Predigt am 27. März 2011

Vier Menschen im Gefängnis. 1943. Eingesperrt wegen … – Weswegen eigentlich? Wegen ihrer Überzeugungen? Wegen ihres Glaubens? Weil sie Unrecht beim Namen nannten? Warum auch immer, fadenscheinig zum Tod verurteilt. Menschen an der Grenze. Diese Menschen beten.

Anderswo zu anderer Zeit: Ein Erbeben. Ein Tsunami. Eine atomare Katastrophe. Auch da: Menschen beten. Nicht alle vielleicht, nicht immer, nicht in gleicher Weise. Aber Menschen beten.

Überall auf der Welt finden wir das: Sorge um andere. Angst vor der Zukunft. Unrecht. Gewalt. Menschen beten. Not lehrt beten, heißt ein Sprichwort.

Aber Menschen beten auch aus anderen Gründen. Ein Ehepaar hat sich lange darauf gefreut. Jetzt sind sie gerade Eltern geworden. Und sie sagen Gott ihre Dankbarkeit. Etwas ist schön, gelungen, vorangegangen. Und Menschen beten. Jemand spürt, dass er zufrieden, sogar glücklich ist. Und er betet einen Lobpreis. Menschen beten in den unterschiedlichsten Lebenslagen.

Menschen beten vermutlich, seit es Menschen gibt. Möglicherweise ist das sogar ein Kennzeichen des Menschseins: beten können. Ich stelle mich hinein in einen größeren Zusammenhang. Ich nehme Kontakt, Bezug – über mich hinaus – zu etwas, das mich übersteigt und weiter und tiefer ist als ich. Der Raum, der mich trägt und umfängt. Die Quelle, die schon sprudelte, als ich noch gar nicht sein konnte. Der Horizont, der mein Woher und mein Wohin umspannt. Nennen wir diesen Raum „Gottesraum“.

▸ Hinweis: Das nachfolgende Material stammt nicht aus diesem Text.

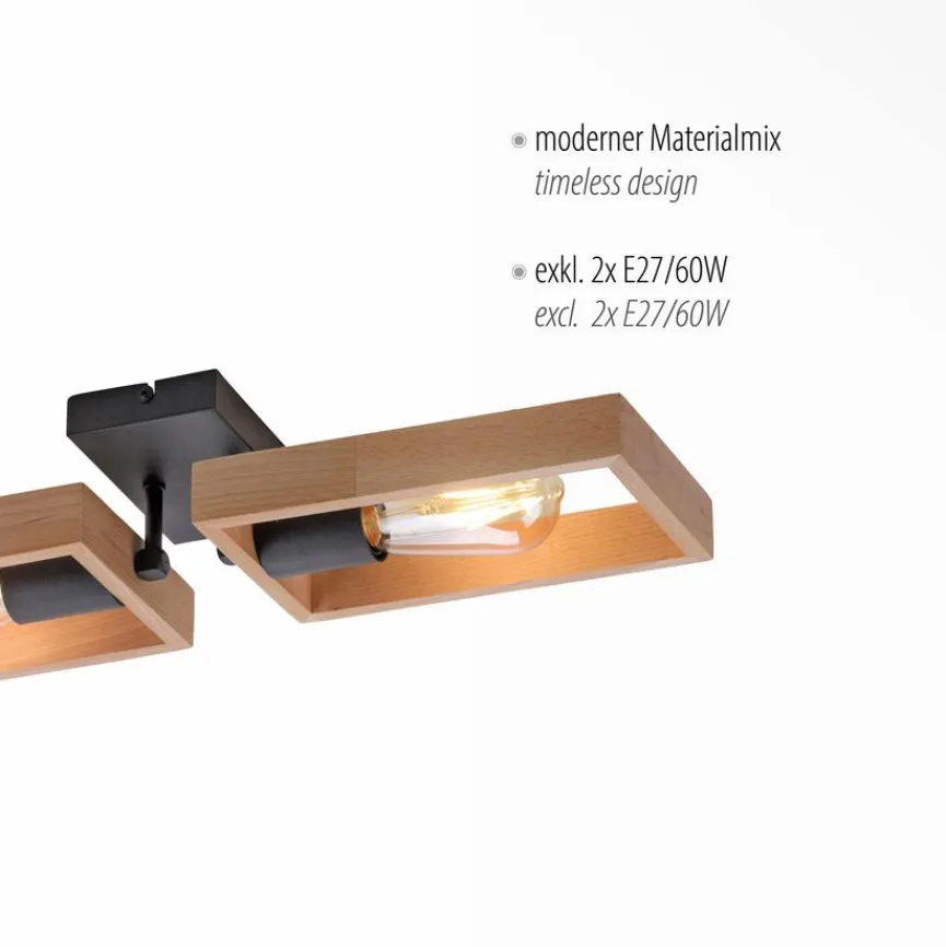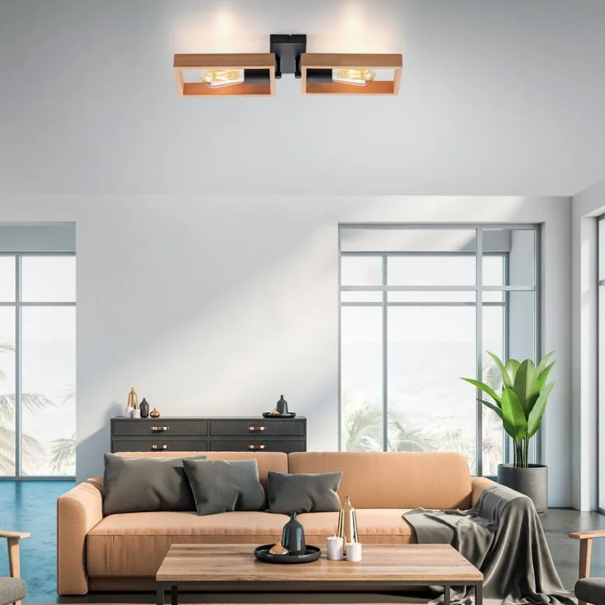 Mit der Deckenleuchte Frame aus dem Hause Leuchtendirekt erhalten Sie eine ausdrucksstarke Bereicherung für Ihre Zimmer. Die Deckenlampe besticht durch das klassisch anmutende Erscheinungsbild von der ersten Sekunde an. Ins Auge fällt die Deckenleuchte Frame zudem aufgrund der edlen Holzelemente, die die Leuchtmittel hübsch einrahmen.
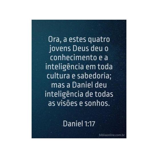 Ora, a estes quatro jovens Deus deu o conhecimento e a inteligência em toda cultura e sabedoria; mas a Daniel deu inteligência de todas as visões e sonhos. Daniel 1:17.
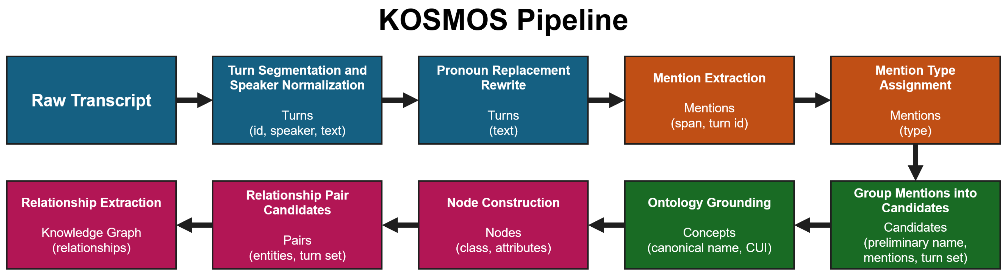 Overview of the Knowledge graph Ontology Supported Medical Output System (KOSMOS) process. A raw transcript is first pre-processed to add turn labels and make the language more clear. Then it identifies clinically relevant mentions and assign each a type (e.g., problem, activity, medication, lab test, measurement). Mentions are then consolidated into canonical concepts that aggregate evidence across turns. Finally, the resulting concepts converted into nodes and are connected into a knowledge graph using typed, directed relationships to represent the encounter as an explicit set of entities and relations. The square brackets “[]” refer to what transcript turn the transcript or mention comes from. The curly braces “{}” refer to what set of transcript turns the concepts are derived from.
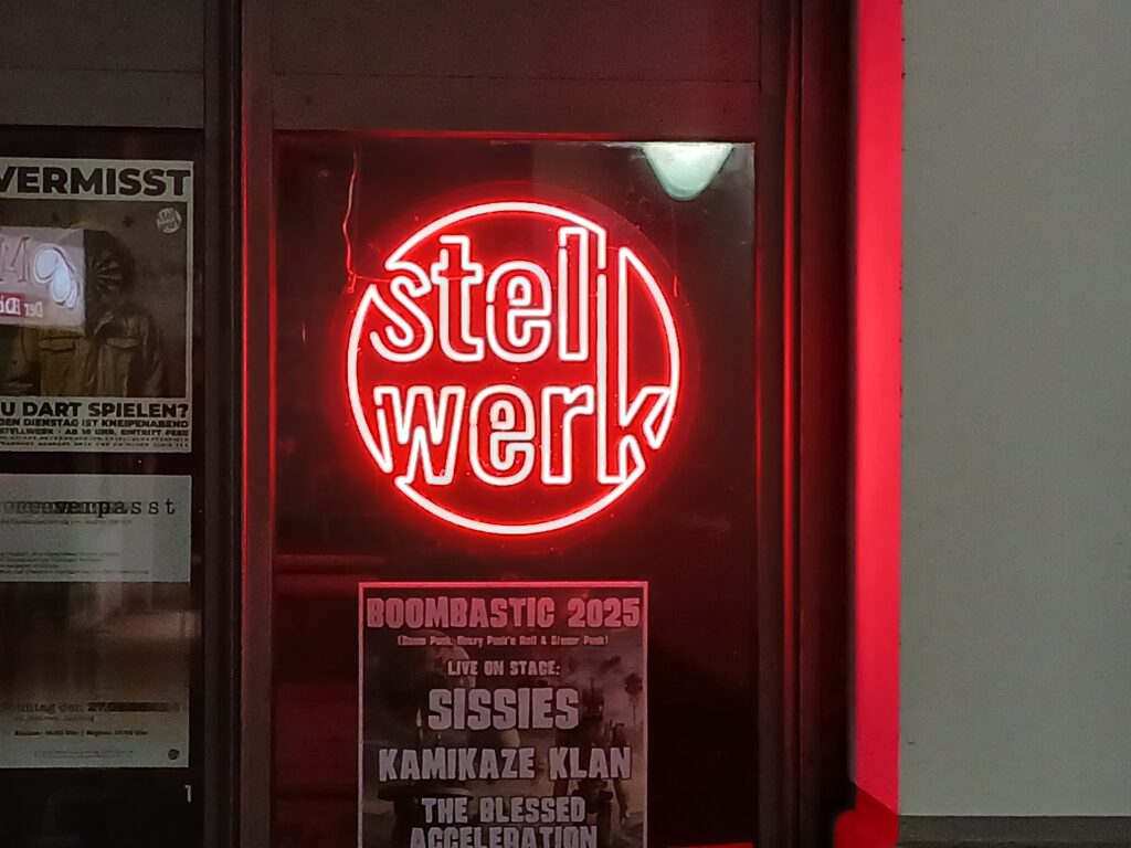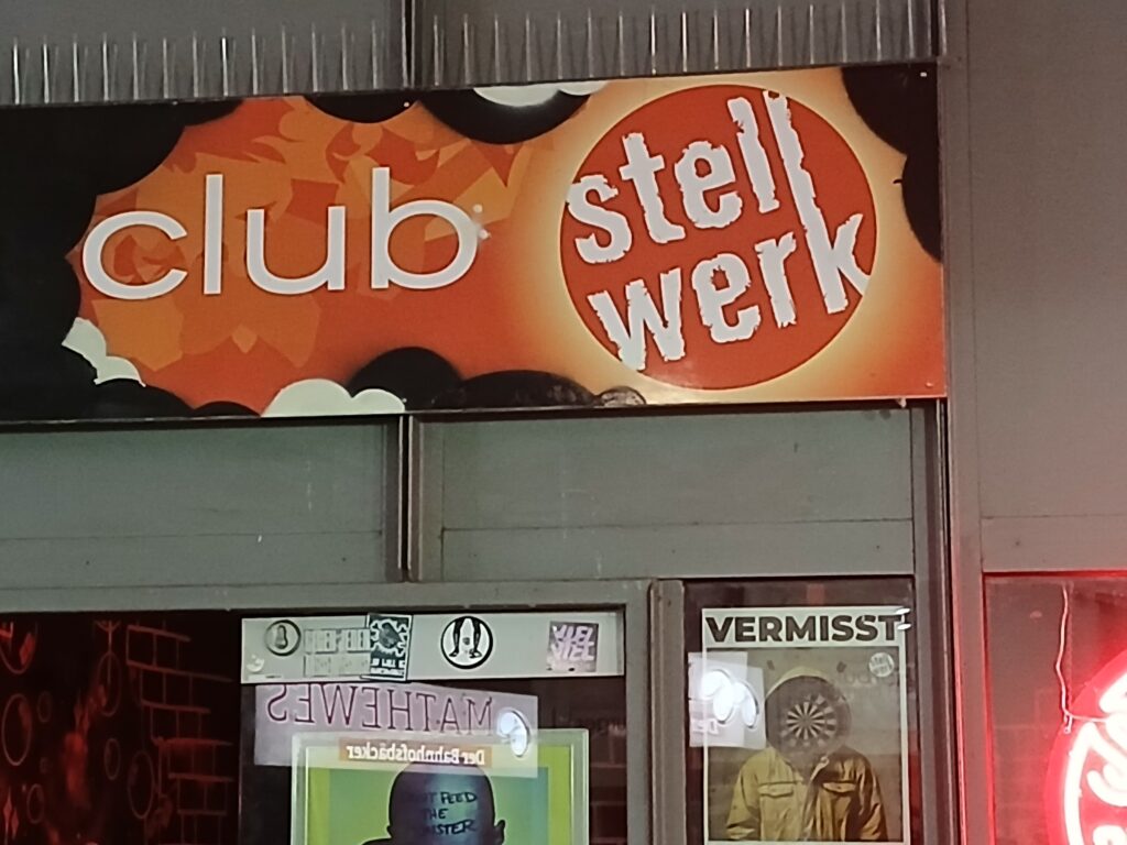 Ich bin also zum ersten Mal im Stellwerk und direkt äußerst angetan von der Location. Sie verstrahlt ein charmantes Industrieflair und ist ziemlich klein. Laut Recherche passen bis zu 199 Personen rein. Der Laden ist heute ausverkauft. Allerdings sehr „human ausverkauft“, man kann sich noch prima bewegen und fühlt sich nicht wie in einer Sardinenbüchse. Die Mitarbeiterinnen und Mitarbeiter sind total freundlich und es gibt eine schicke Bar.
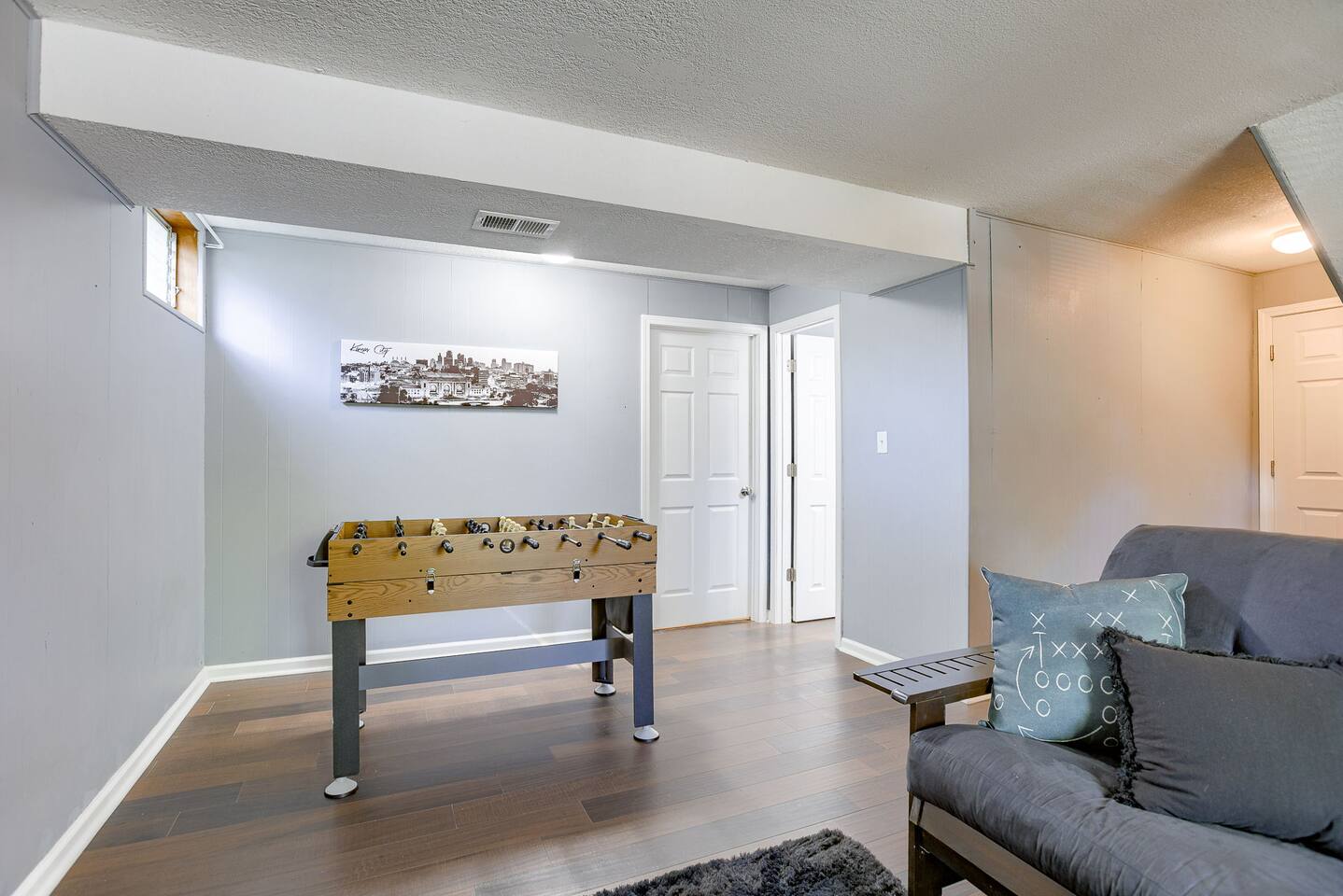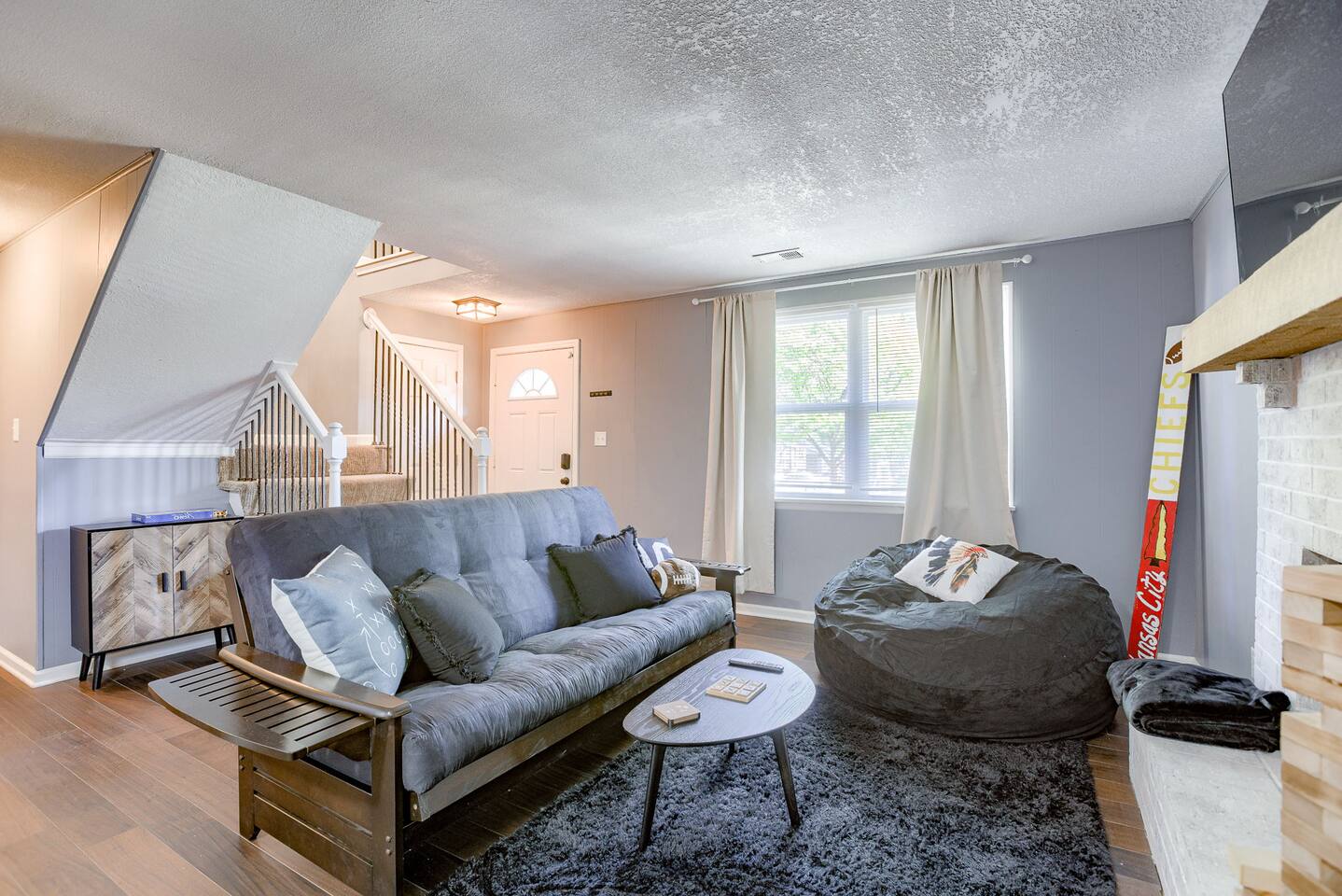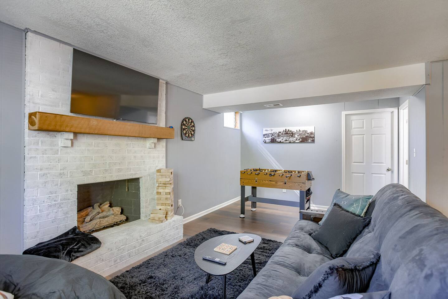 This beautifully designed split-level home is perfect for families or groups looking for both relaxation and entertainment. It features three spacious bedrooms, each furnished with cozy queen-sized beds. The game room in the basement is a highlight, offering foosball, darts, and arcade games, along with a futon that sleeps two extra guests. This versatile space is ideal for fun evenings indoors. The living room centers around a decorative fireplace, creating a warm and inviting atmosphere, while the dining area comfortably seats eight guests—great for group meals. The fully equipped kitchen makes it easy to cook up your favorite dishes, adding convenience to your stay. Step outside to the large patio area in the backyard, perfect for evening resting or simply unwinding in the fresh air. Our backyard is fully fenced. Additional amenities include a washer and dryer, ensuring longer stays are hassle-free. With 1.5 bathrooms, there’s enough space for everyone to refresh, and the 2-car garage, along with a wide driveway, provides ample parking for your group. Whether you’re here for a relaxing vacation, a business trip, or a family gathering, this home provides everything you need for a memorable stay. Nearby: St Mary's hospital: 7 min Centerpoint Medical Center: 10 min University Health Lakewood: 16 min St. Luke’s East: 17min Kanas City Cheifs & Royals stadiums: 18min Missouri Town Living History Museum :17 min Jackson County Parks + Rec: 8 min Book your stay now!
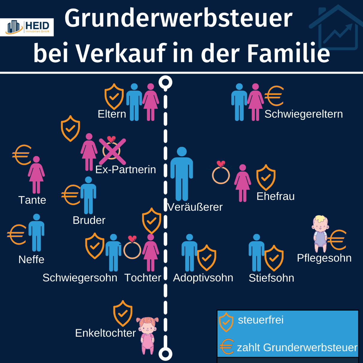 - Verkauf an (ehemalige) Ehegatten, Lebenspartner, Kinder und Stiefkinder (zum Beispiel bei einer Scheidung),
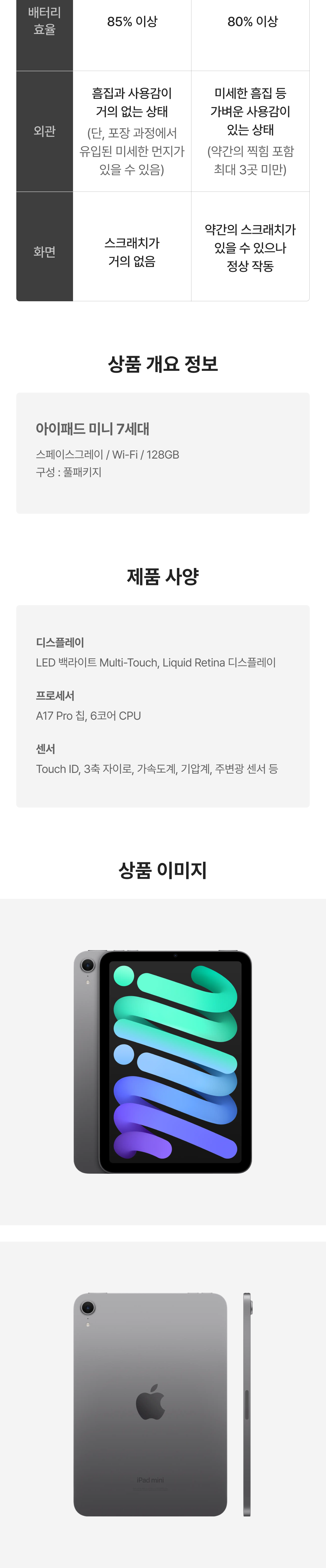 [S등급] 리퍼비시 아이패드 미니 7세대 wifi A17 Pro 128기가 스페이스그레이

Wir haben gerade dem Gespräch zwischen Jesus und der Frau am Jakobsbrunnen zugehört. Diese Begegnung hat alle Zutaten eines Gebetes. Denn Gebet ist nichts anderes als Gespräch, Kommunikation, Dialog mit Gott, mit Jesus Christus. Letztlich Begegnung.

Die Frau redet mit Jesus. Sie stellt ihm ihre Fragen. Sie sagt ihm ihre Bedenken. Sie benennt ihm gegenüber ihre Sehnsucht. Sie bietet etwas von sich selber an, vom Wasser, das sie schöpfen kann. Und sie hört Jesus zu. (Eine wichtige Zutat, die manche Beter bisweilen vergessen, die zwar ihre Gebetstexte sprechen, aber das Hinhören auf Gott versäumen. Einfach hinhören: Was lässt sich, wenn mein letztes Wort verstummt ist, dahinter und in mir hören.) Und Jesus lässt sich hören. Er sagt Dinge, die sie nicht so ganz versteht. Aber sie hört weiter zu, bleibt im Gespräch. Er sagt Dinge, die für sie überraschend sind. Und sie bleibt mit Interesse dabei, offen, aufnahmebereit. Sie hört hin. Eine wahre Gebetshaltung.

Eine Haltung der Offenheit.

„Herr, hier sind meine Hände.
Lege darauf, was du willst.
Führe mich, wohin du willst.
In allem geschehe dein Wille“

So betete Eduard Müller im Gefängnis. Auch hier finden wir sie, diese Haltung der Offenheit, die sich dem anderen, dem Größeren, überlässt: Ein Gebet, das sich Gott anvertraut. Offen für die Quelle des Lebens.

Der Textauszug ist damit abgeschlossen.